Written and Directed by Greta Gerwig, Lady Bird is another in a long and storied history of coming of age films. Does this one stand out from the pack or is it an also ran?
It’s the early 2000s and Christine “Lady Bird” McPherson (Saorise Ronan) is a senior in Catholic school, looking forward to leaving Sacramento for college—preferably on the east coast. Her parents, Marion (Laurie Metcalf) and Larry (Tracy Letts), can’t afford that, so Marion tries to sell Lady Bird on local colleges. Lady Bird—the name Christine gave herself—does not exactly fit in at her school. She and her best friend, Julie (Beanie Feldstein), are pretty much outcasts, but Lady Bird longs for acceptance from the more popular kids. The film follows her through the final year of high school and the ups and downs she experiences as she discovers who she really is, despite being supremely confident in her identity.

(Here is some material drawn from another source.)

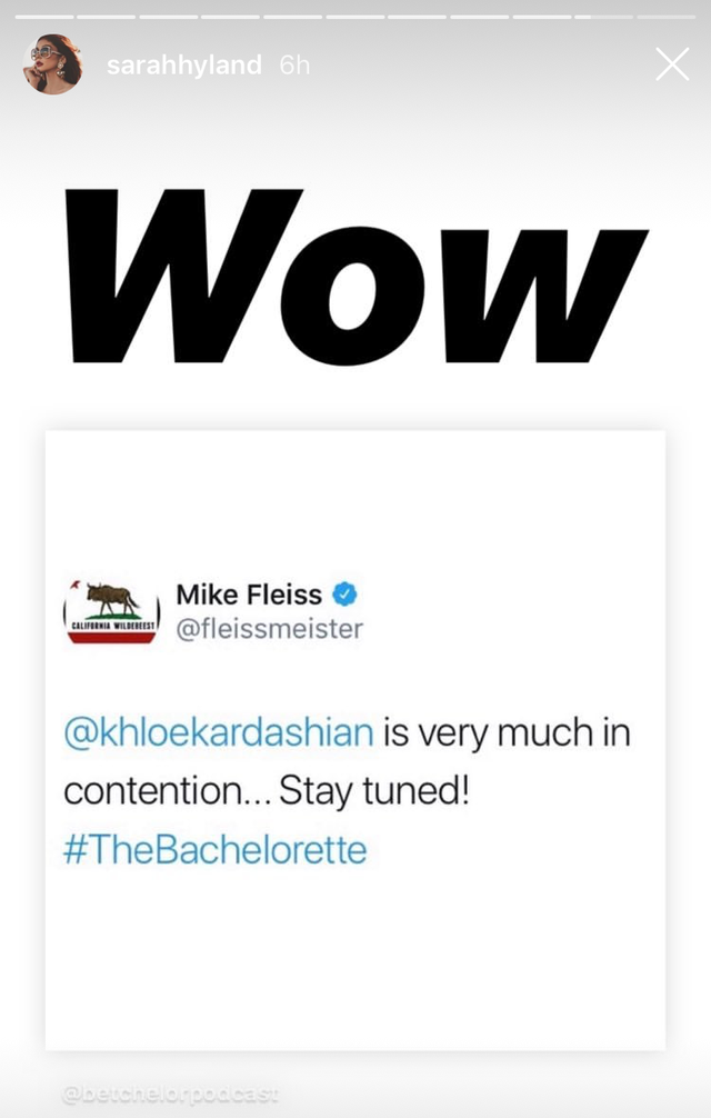 So, it seems Kardashian’s name is still in the ring for the next Bachelorette. And other celebs are all about it. Sarah Hyland was freaking out on her Instagram story. “This,” she wrote after seeing The Betchelor’s Tweet.

With Lady Bird, Greta Gerwig has crafted a hilarious, but heartwarming coming of age tale with a distinct heroine at its center. It is also a nice meditation on class and the struggles most working families face. There’s a scene where Larry discovers that he and his son, Miguel (Jordan Rodrigues), are going for the same I/T job that is absolutely heartbreaking. And that’s how Lady Bird is, you’ll be laughing hysterically, but then it hits you with poignant dramatic moments that reduce you to tears.
The main conflict in the film, aside from Lady Bird fighting with herself about who she wants to be, is between Lady Bird and Marion. They have a contentious relationship as Lady Bird wants to dream big and shoot for the stars, but her mother tries to prepare her for the realities of life, at times a bit too harshly. However, Lady Bird isn’t always the easiest character to like, so you find yourself hating some of the things she does or says, but still rooting for her to make the right decisions. That’s the sign of a great character.
The cast is fantastic and elevates Gerwig’s already great script. Ronan is magnetic as Lady Bird and proves equally adept at handling both the comedy and drama of the piece. Metcalf is equally great as Marion. We see Marion from various angles, allowing Metcalf to really dig into this wholly-realized character. Tracy Letts is a goddamned national treasure. The deft subtlety he applies to this role is incredible. I’ve enjoyed him in most everything I’ve seen him in and his performance in Lady Bird is no exception. Lucas Hedges and Timothée Chalamet do really nice work as the boys in Lady Bird’s life and Beanie Feldstein has several amazing scenes as Julie.
Overall, Lady Bird is an absolute delight. Just when I thought it was going to chuck some great dramatic material aside for laughs, it came back and tugged at my heartstrings. Definitely check it out.